In 2001, researchers supported by the
Intellectual and Developmental Diseases Branch (IDDB) discovered FXTAS.
The same NICHD-supported researchers have found that FXTAS is associated with other conditions. For example, sleep apnea is three times more common in people with FXTAS than in the general population. People with FXTAS are also at a higher lifetime risk of mood disorders, including major depressive disorder, anxiety disorder, and post-traumatic stress disorder. In addition, men with FXTAS are more likely to have high blood pressure than men without the
FMR1 premutation. (Men with the premutation who don't have FXTAS are not at increased hypertension risk.) (Sources: Hamlin, A., et al. (2011).
American Journal of Medical Genetics.
PMID: 21932336; Bourgeois, J. A., et al. (2011).
Journal of Clinical Psychiatry.
PMID: 20816038; and Hamlin, A., et al. (2012).
American Journal of Medical Genetics. Part A.
Researchers are studying the protective factors in carriers of FXTAS and the proteins involved in the pathogenesis to determine ways to prevent or reverse the process. They have also found early neurodevelopmental abnormalities in premutation mice, leading to the question of whether it is a lifelong process, and providing hope for the development of early intervention. (Source: Hagerman, P. J., (2012). Current gaps in understanding the molecular basis of FXTAS.
Tremor and Other Hyperkinetic Movements; New York: 63.)
Some people with
FMR1 premutations experience symptoms in childhood. For example, boys with
FMR1 premutations have a higher risk of seizures, compared with boys who do not have premutations. Also, boys who had seizures were also more likely to have an autism spectrum disorder. (Source: Chonchaiya, W. (2012).
Further research supported by the IDDB aims to explore how the
FMR1 premutation affects the development of children and the neurological health of adults. This research includes a study of 500 adults (age 40 years and older) and 150 boys (ages 8 to 16). In the boys, studies will focus on attention deficit hyperactivity disorder and social deficits, including autism spectrum disorder. In the adults, researchers will focus on age-related changes.1
Several NICHD-supported research groups are seeking ways to better diagnose and screen for fragile X mutations and premutations.
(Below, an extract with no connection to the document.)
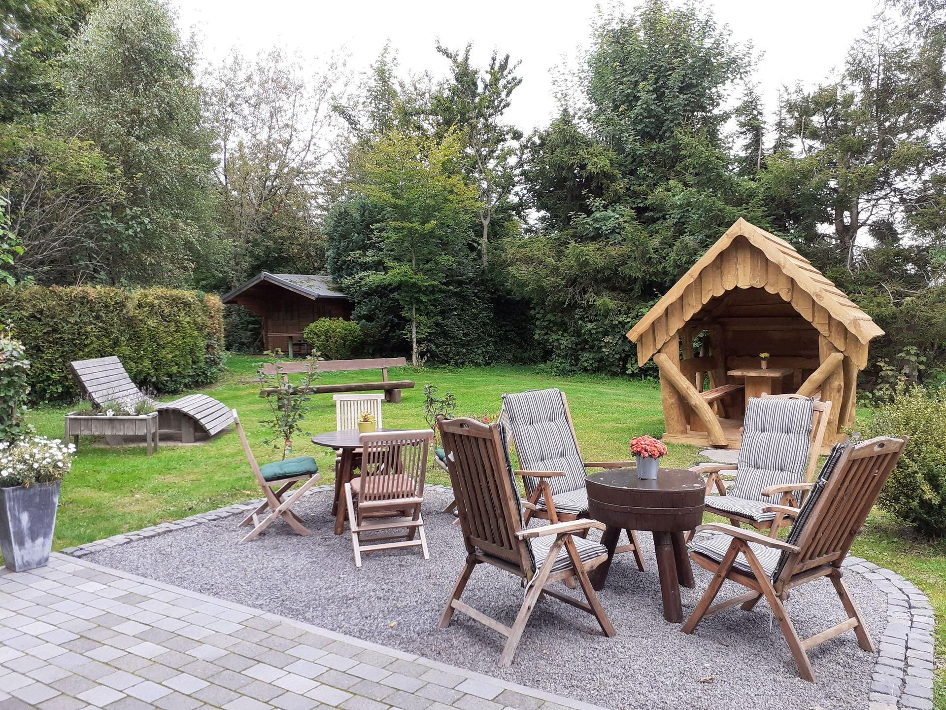 • Ein gemütlicher Garten mit Sitzgelegenheiten und einer kleinen Holzlaube. Im Hintergrund sind Bäume und ein weiterer Holzschuppen zu sehen.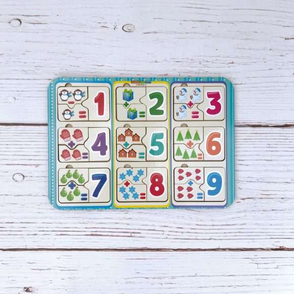 Набор состоит из игрового поля и карточек-вкладышей с примерами на сложение и вычитание. На карточках изображены различные предметы, соответствующие новогодней тематике (снеговики, снежинки, варежки и т.д.).

One potential screening method currently being tested would analyze a small drop of blood on a paper card to detect fragile X syndrome in newborns.
Early physical recognition of the characteristics of fragile X syndrome is difficult, and this method uses new technologies that have been developed that can detect all categories of fragile X alleles, including full mutation expansions.2
To achieve its research goals for fragile X syndrome and associated disorders, the NICHD is involved with a variety of activities. Some of these activities are managed through the components listed above; others are part of NIH-wide or collaborative efforts in which the NICHD participates.